Их строили так, будто расчёт победил страх. Но расчёт тоже держался на мире вокруг. Когда этот мир начал рваться, даже остановленная станция не становилась сразу безопасной. Её надо было охлаждать, охранять, питать, проверять, слушать. А вокруг уже не хватало всего: людей, топлива, чистой воды, дороги, времени, правды.

Самым страшным было не только то, что нельзя было вызвать помощь.

Страшнее было то, что часто уже нельзя было даже узнать, нужна ли она ещё.

Приказы запаздывали или не приходили вовсе. Вести приносили люди, если доходили. А сложные станции, плотины, заводы и подстанции не умели ждать слухов. Они требовали точных показаний, точных действий и смены, которая стоит у пульта сейчас.

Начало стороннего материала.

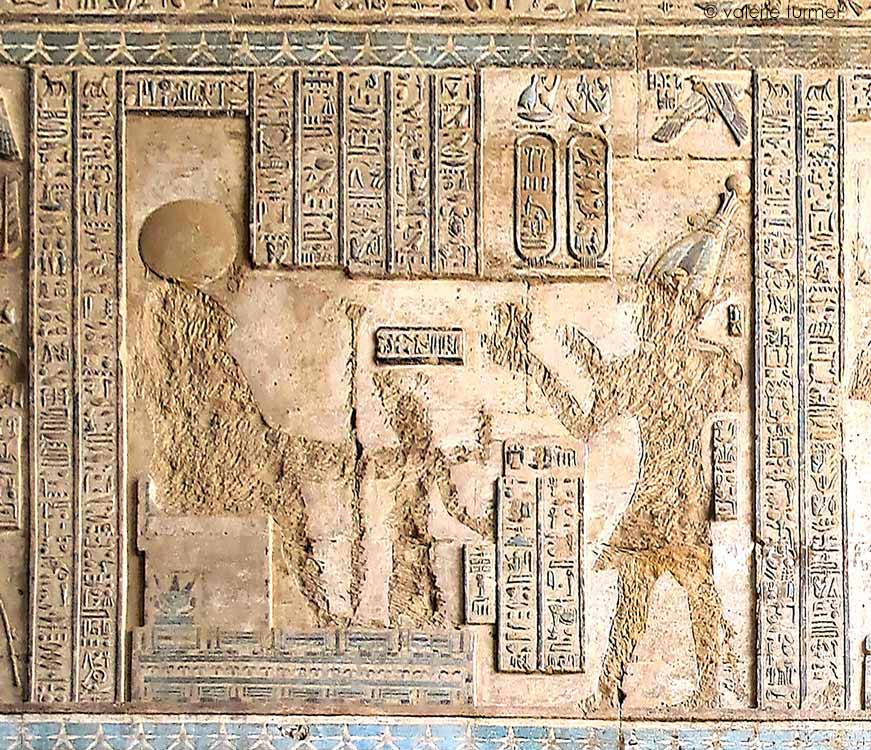 Personnifié par l'empereur Néron comme dans tous les tableaux, le roi agite les sistres et le collier menit (produisant également un bruit apaisant) pour apaiser la déesse Hathor accompagnée de son fils Ihy, dieu de la musique.
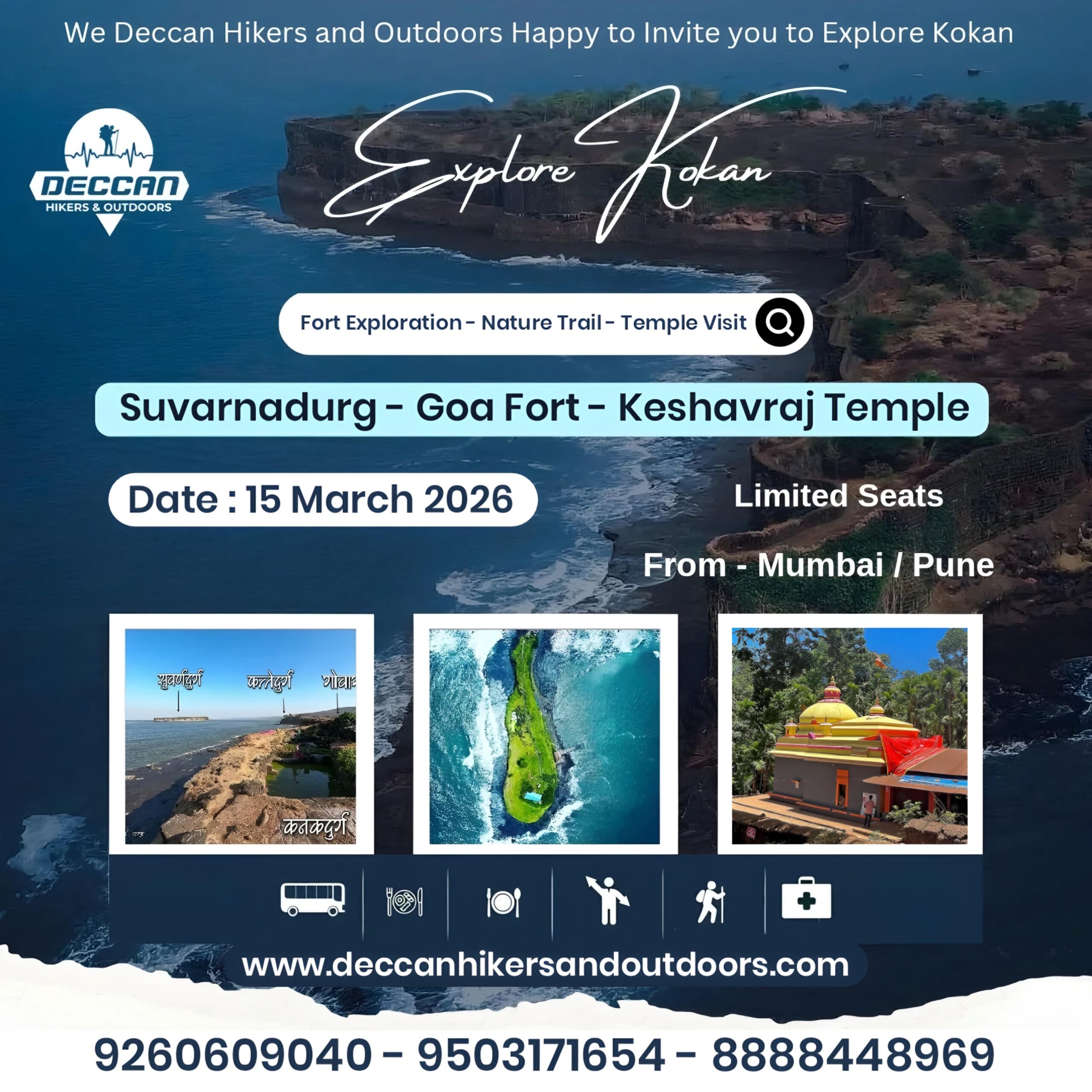 Embark on the Gadkot Parikrama 2025–26, a curated trekking series covering four iconic forts of Maharashtra — Raigad, Rajgad, Sudhagad and Pratapgad. Experience the rich Maratha heritage, breathtaking landscapes and thrilling trails with Deccan Hikers & Outdoors. Perfectly planned with expert trek leaders, safe transportation and smooth coordination from Pune and Mumbai, this journey

Заводы, котельные, подстанции, нефтебазы, очистные, химические цеха — всё, что раньше кормило и грело города, стало требовать осторожности, которой у людей оставалось всё меньше. Где-то замерзала труба. Где-то перегревался насос. Где-то автоматика щёлкала в темноте и больше не поднималась. Где-то старый резервуар держал не потому, что был исправен, а потому что ещё не настал его час.

И всё чаще звучала одна и та же команда:

не останавливать.

Потому что без этого цеха не будет тепла.

Без этой станции не будет света.

Без этой насосной не будет воды.

Без этой цистерны не будет топлива.

Без этой смены не будет завтра.

Так полезное становилось опасным. А опасное продолжали держать в работе, потому что иначе смерть приходила быстрее.

Системы начали рваться одна за другой.

В старом мире любая беда имела адрес. Пожар — здесь. Наводнение — там. Авария — за таким-то забором. Болезнь — в таком-то районе. Можно было обвести место пальцем на карте, отправить машины, людей, оборудование, врачей, солдат, комиссии, помощь. Остальной мир оставался снаружи и потому верил, что справится.

Теперь беда перестала иметь край.

Где заливало — нужны были насосы. Насосам нужен был свет. Свету — топливо. Топливу — дорога. Дороге — охрана. Охране — еда. Еде — вода. Воде — люди, которые ещё могли понять, можно ли её пить.

И каждый круг замыкался на следующей нехватке.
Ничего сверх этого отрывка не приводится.